A brand new Linux DRM display driver – for a 1992 computer

Besides the display driver for the Atari Falcon, the article mentions a number of other interesting 68k emulators.

In the 21st century, there has been at least one new Falcon-compatible machine, the FireBee, and the FPGA-based MISTer is still on sale.

There are also not one but two Falcon-compatible operating systems that are FOSS. The older one is the multitasking AFROS, built to run on ARAnyM. The other is EmuTOS is a modern recreation of the single-tasking OS that Atari shipped in the machines’ ROMs.

EmuTOS can also run on the Amiga, and in that world, Amiga enthusiasts are keeping the 68000 fire very much alive, too. The Vampire accelerators emulate an enhanced Amiga CPU on an FPGA, offering substantial performance gains. A cheaper alternative is the PiStorm, which simply emulates the Amiga’s processor on a Raspberry Pi, plugged into the original CPU socket.

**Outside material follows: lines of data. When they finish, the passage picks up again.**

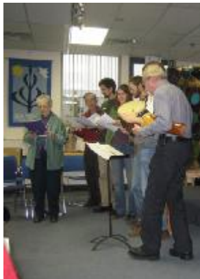
Don Heights Choir, January 17, 2001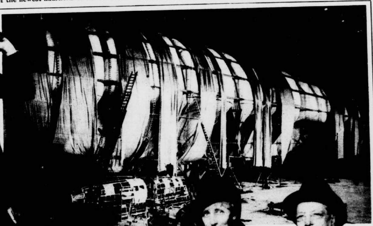
THE DIRIGIBLE R-38, now being constructed for the U. S. at Bedford, England. It will fly to America some time this summer.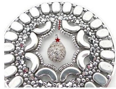
18) Insert teardrop or charm and reinforce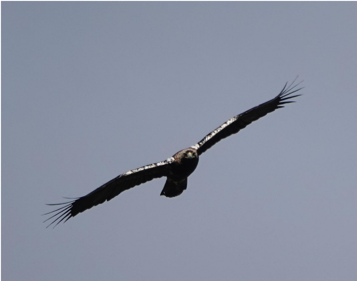
Spanish Imperial Eagle

We stopped overlooking the River Tamuja for our picnic. It was a very attractive stop, despite the fresh wind. We enjoyed a good view of a Short-toed Eagle quite quickly and then during our stay, had a superb sighting of a Spanish Imperial Eagle . A female Sparrowhawk caused alarm amongst the Barn Swallows .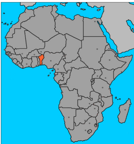
Figure 1. The Position of Benin on a Map of Africa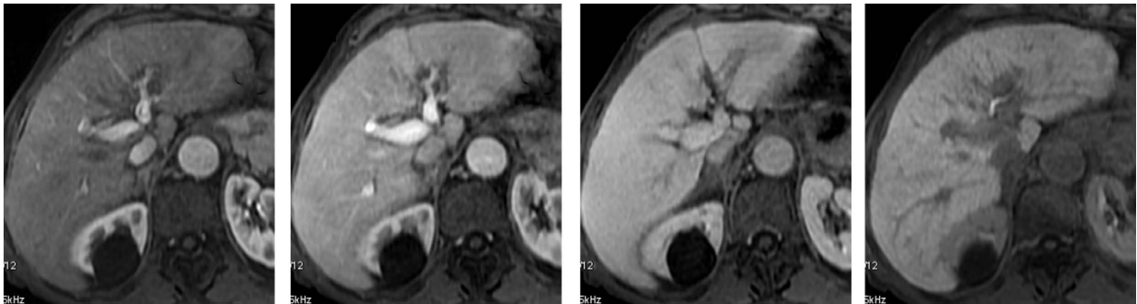
Figure 4 Twelve-months follow up with MRI before and after injection of Primovist: 5a, T1-weighted; 5b, T2-weighted: On baseline T1w.i and T2w.i no sign of changes of signal intensity within the liver parenchyma is appreciable, not even at the level of the previous lesion of segment III.

the present case seems definitely unusual since it occurred in an elderly patient with infiltrating disease and portal thrombosis which, as it is well-known, represent the main negative prognostic factors for HCC. In our experience, the 84-year old patient showed a good tolerability to treatment and the incidence and severity of adverse event did not differ from data reported in the pivotal studies carried out in HCC. Additional information supporting the use of sorafenib in elderly patients can be found in studies evaluating sorafenib in renal carcinoma [13,14] which indicate that in these patients a benefit can be achieved as in the younger ones provided that a careful monitoring of adverse event is done [15]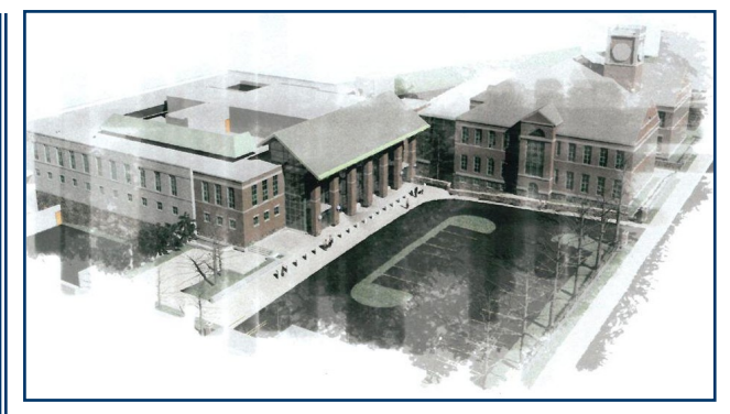
Public Safety Complex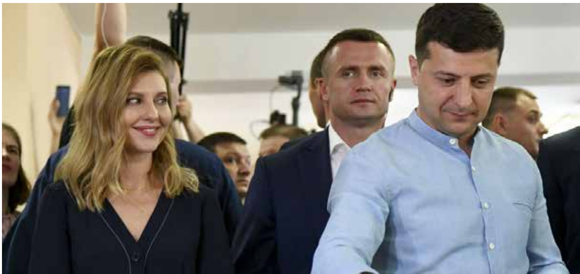
IMAGE: President of Ukraine, Volodymyr Zelenskyy, and his wife Olena, voting at the extraordinary elections of people's deputies of Ukraine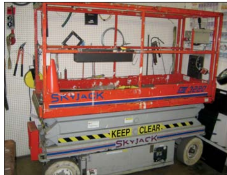
Skyjack Scissor Lift Model SJIII 3220

Michal Schulz, one of the developers of the AROS FOSS Amiga-compatible OS, is working on a bare-metal 680x0 emulator for the Raspberry Pi, Emu68. When it’s finished this should enable AmigaOS and the 68000 version of AROS to boot and run on a Raspberri Pi, without Linux underneath: a £50 Amiga. We would love to see the EmuTOS developers port their ST-compatible OS to this combination, too.